For those not able to petition for expungement under Oregon law, there is another state process that might be able to help. “Setting aside” an arrest does not close the records completely the way that expungement does, but it is available to a wider range of offenders.
Adults who have been convicted of a crime are eligible to have their records set aside for several reasons, some of which much happen in conjuction:
- after a year has passed since the arrest
- if the case is dismissed
- if the person is acquitted
- if 3 years have passed since the date of conviction
- if the individual has fulfilled all court mandated requirements (sentences, payments of restitution, etc.)
- if no outstanding charges for a different crime have been filed
- if the individual hasn’t received another conviction for 10 years, excepting minor traffic violations
Oregon has different setting aside petitions available for eligible offenses, including:
- second degree attempted assault
- child abandonment
- third degree assault
- coercion
- first degree criminal mistreatment
- first degree attempted escape
- incest (for victims under the age of 18)
- unlawful use of a weapon
- first degree intimidation
- second degree attempted kidnapping
- second degree attempted robbery
- third degree robbery
- supplying contraband
Naturally, there are also crimes that Oregon marks as ineligible for setting aside.

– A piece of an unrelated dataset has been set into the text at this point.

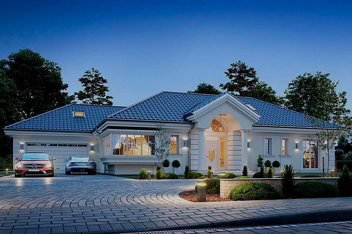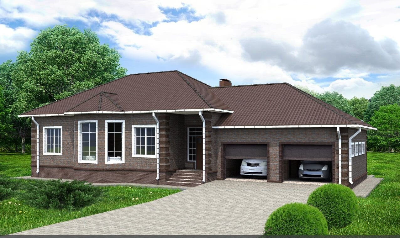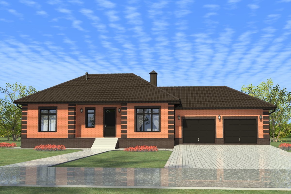 Одноэтажный дом с гаражом на две машины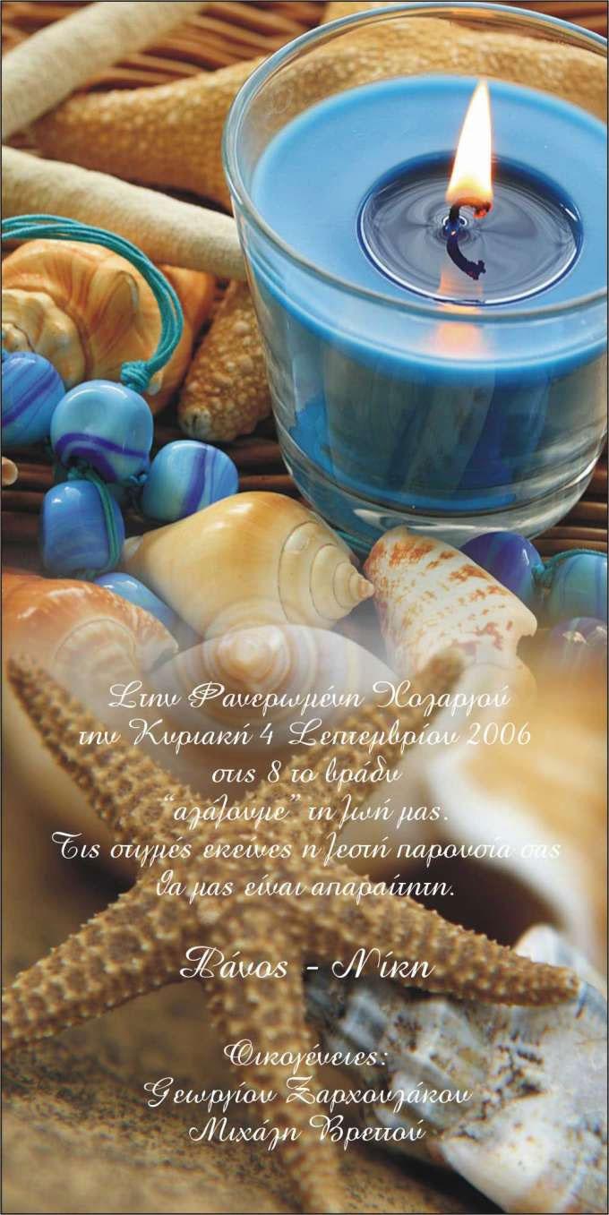 Οικονομικό Προσκλητήριο έγχρωμο με θέμα κερί και αστερία,προτείνετε για καλοκαίρι. Η τιμή αφορά και την εκτύπωση. Μπορεί να γίνει σε διάφορες διαστάσεις καθώς να δωθεί και ως ρολάκι.

These include:
- sexual crimes
- child abuse
- first degree criminal mistreatment
- endangering a minor
- most Class C Felonies
- violent misdemeanors and felonies
Unfortunately, state offenses and municipal traffic offenses are also not eligible to be set aside. It should also be noted that if a record for conviction is set aside, it can be used as evidence in future setting aside cases for convictions, and if the conviction in question was set aside within the 10 year time period, it will be counted as a prior offense.